▸ **WHAT YOU SHOULD DO**: Your reply should consist of the entries, copied exactly and stripped of images.

▬▬▬

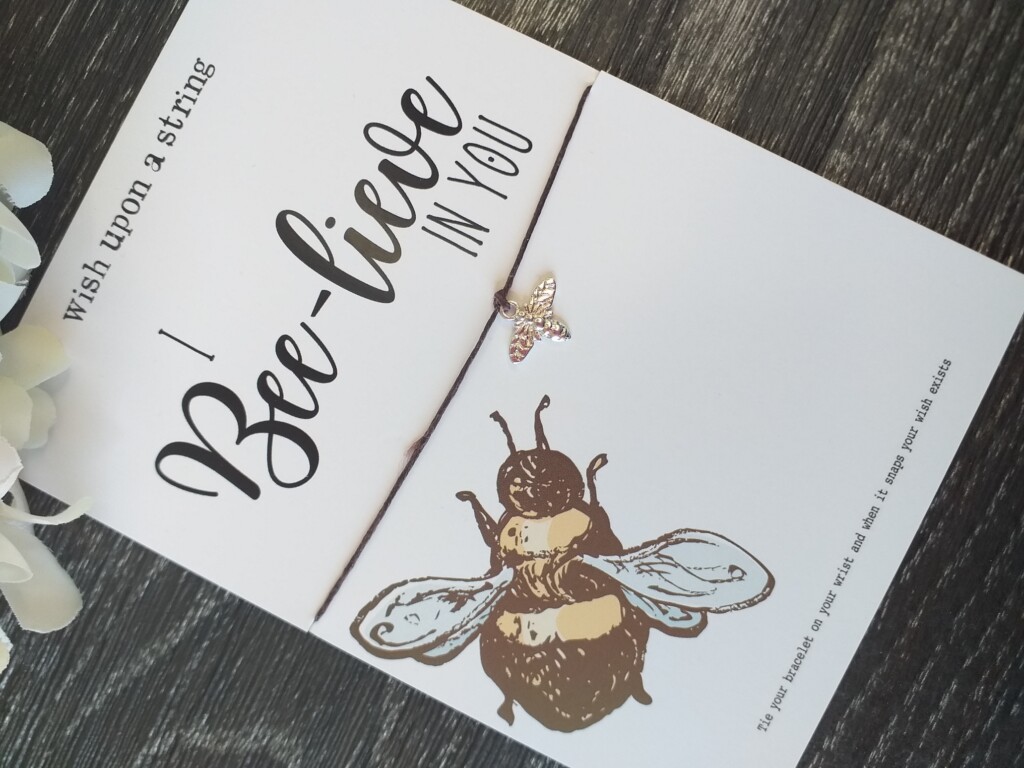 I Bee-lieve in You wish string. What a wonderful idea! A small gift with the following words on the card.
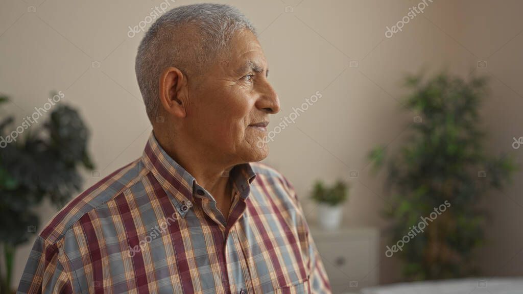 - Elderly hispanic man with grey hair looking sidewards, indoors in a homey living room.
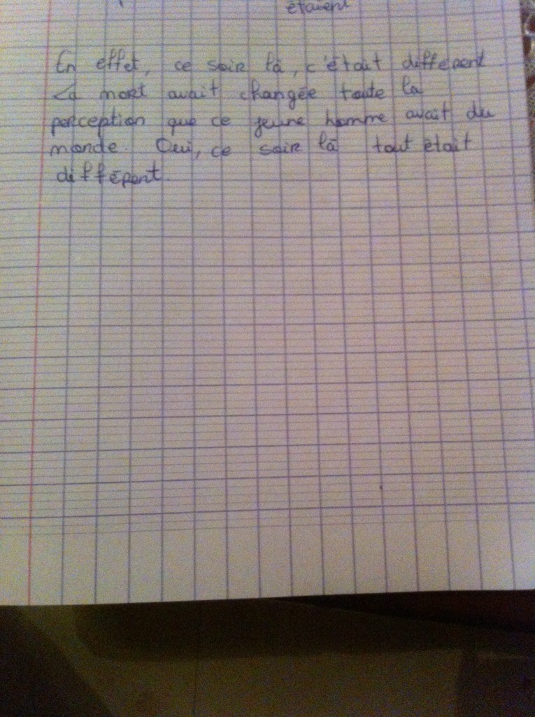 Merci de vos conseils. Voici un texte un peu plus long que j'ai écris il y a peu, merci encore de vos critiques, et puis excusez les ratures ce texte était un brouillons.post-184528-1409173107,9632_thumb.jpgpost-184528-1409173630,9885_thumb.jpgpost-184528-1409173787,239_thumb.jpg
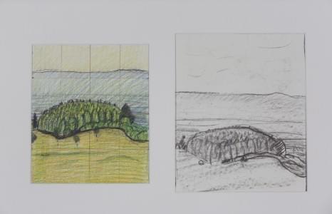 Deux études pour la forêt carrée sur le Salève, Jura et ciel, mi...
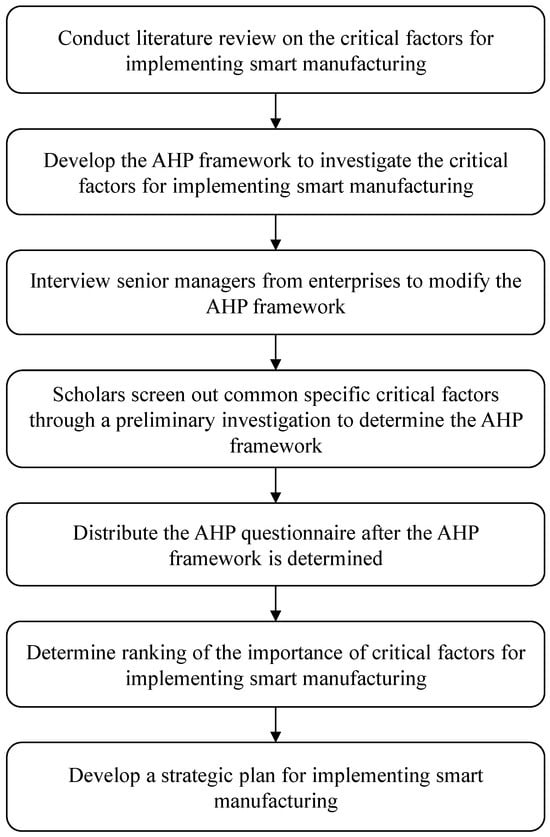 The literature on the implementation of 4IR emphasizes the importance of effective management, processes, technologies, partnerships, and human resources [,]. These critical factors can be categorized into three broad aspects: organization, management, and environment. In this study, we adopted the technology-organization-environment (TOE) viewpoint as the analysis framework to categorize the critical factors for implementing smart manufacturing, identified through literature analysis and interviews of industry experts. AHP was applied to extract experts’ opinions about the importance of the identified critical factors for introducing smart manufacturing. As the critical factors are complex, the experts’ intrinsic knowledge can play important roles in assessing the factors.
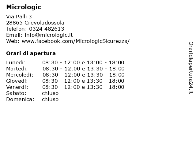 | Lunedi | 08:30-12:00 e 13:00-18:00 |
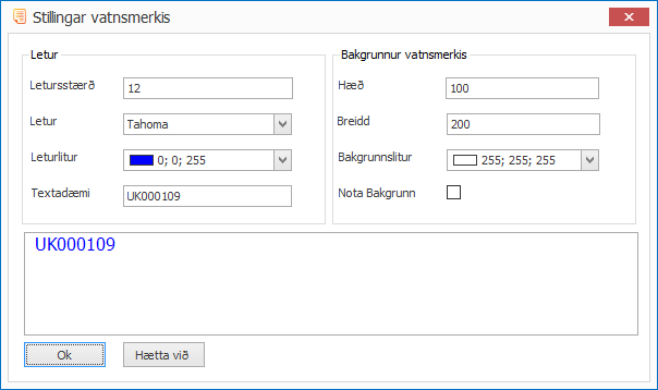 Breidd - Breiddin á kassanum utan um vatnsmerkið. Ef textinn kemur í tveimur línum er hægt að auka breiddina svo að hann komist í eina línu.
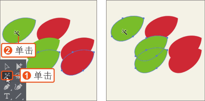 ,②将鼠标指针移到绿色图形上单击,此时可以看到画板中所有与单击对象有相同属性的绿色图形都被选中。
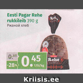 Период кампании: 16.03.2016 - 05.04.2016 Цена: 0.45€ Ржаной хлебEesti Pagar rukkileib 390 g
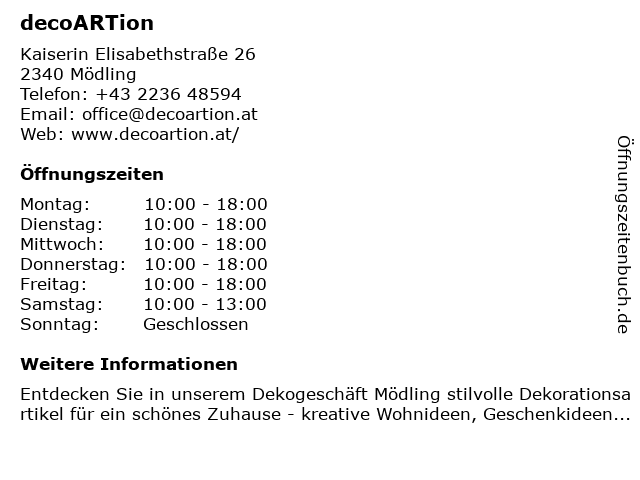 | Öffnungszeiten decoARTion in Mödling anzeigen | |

▬▬▬

▸ **YOUR SOLUTION**:
 I Bee-lieve in You wish string. What a wonderful idea! A small gift with the following words on the card.
 - Elderly hispanic man with grey hair looking sidewards, indoors in a homey living room.
 Merci de vos conseils. Voici un texte un peu plus long que j'ai écris il y a peu, merci encore de vos critiques, et puis excusez les ratures ce texte était un brouillons.post-184528-1409173107,9632_thumb.jpgpost-184528-1409173630,9885_thumb.jpgpost-184528-1409173787,239_thumb.jpg
 Deux études pour la forêt carrée sur le Salève, Jura et ciel, mi...
 The literature on the implementation of 4IR emphasizes the importance of effective management, processes, technologies, partnerships, and human resources [,]. These critical factors can be categorized into three broad aspects: organization, management, and environment. In this study, we adopted the technology-organization-environment (TOE) viewpoint as the analysis framework to categorize the critical factors for implementing smart manufacturing, identified through literature analysis and interviews of industry experts. AHP was applied to extract experts’ opinions about the importance of the identified critical factors for introducing smart manufacturing. As the critical factors are complex, the experts’ intrinsic knowledge can play important roles in assessing the factors.
 | Lunedi | 08:30-12:00 e 13:00-18:00 |
 Breidd - Breiddin á kassanum utan um vatnsmerkið. Ef textinn kemur í tveimur línum er hægt að auka breiddina svo að hann komist í eina línu.
 ,②将鼠标指针移到绿色图形上单击,此时可以看到画板中所有与单击对象有相同属性的绿色图形都被选中。
 Период кампании: 16.03.2016 - 05.04.2016 Цена: 0.45€ Ржаной хлебEesti Pagar rukkileib 390 g
 | Öffnungszeiten decoARTion in Mödling anzeigen | |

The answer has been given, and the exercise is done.